━━━━━ Provided records

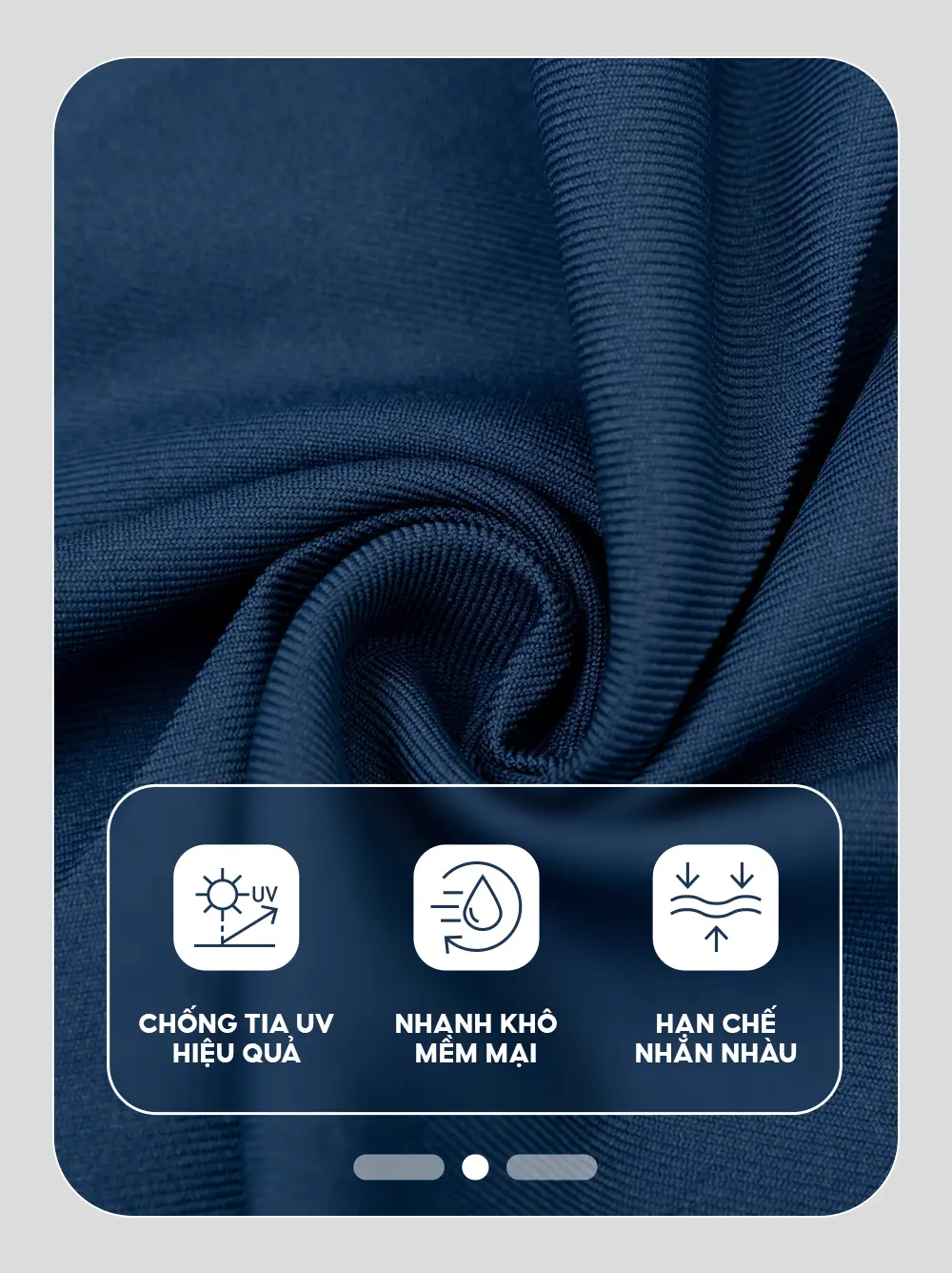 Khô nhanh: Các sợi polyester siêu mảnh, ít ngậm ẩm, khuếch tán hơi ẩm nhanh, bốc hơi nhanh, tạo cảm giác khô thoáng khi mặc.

━━━━━━━━━━
━━━━━ Provided records

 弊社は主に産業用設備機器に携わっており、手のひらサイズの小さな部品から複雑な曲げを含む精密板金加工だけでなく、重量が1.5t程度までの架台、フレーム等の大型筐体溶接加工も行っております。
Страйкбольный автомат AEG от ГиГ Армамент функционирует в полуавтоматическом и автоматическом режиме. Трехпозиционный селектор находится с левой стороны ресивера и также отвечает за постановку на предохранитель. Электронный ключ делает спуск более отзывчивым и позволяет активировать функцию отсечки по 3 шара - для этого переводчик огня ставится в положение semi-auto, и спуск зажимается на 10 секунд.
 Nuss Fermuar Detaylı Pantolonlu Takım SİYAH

━━━━━━━━━━

* **Task**: Of all the entries above, repeat only the lines from the line that has "Страйкбольный автомат AEG" to the line that has "Nuss Fermuar Detaylı Pantolonlu Takım SİYAH", both lines included, exactly.

* **Your solution**:
Страйкбольный автомат AEG от ГиГ Армамент функционирует в полуавтоматическом и автоматическом режиме. Трехпозиционный селектор находится с левой стороны ресивера и также отвечает за постановку на предохранитель. Электронный ключ делает спуск более отзывчивым и позволяет активировать функцию отсечки по 3 шара - для этого переводчик огня ставится в положение semi-auto, и спуск зажимается на 10 секунд.
 Nuss Fermuar Detaylı Pantolonlu Takım SİYAH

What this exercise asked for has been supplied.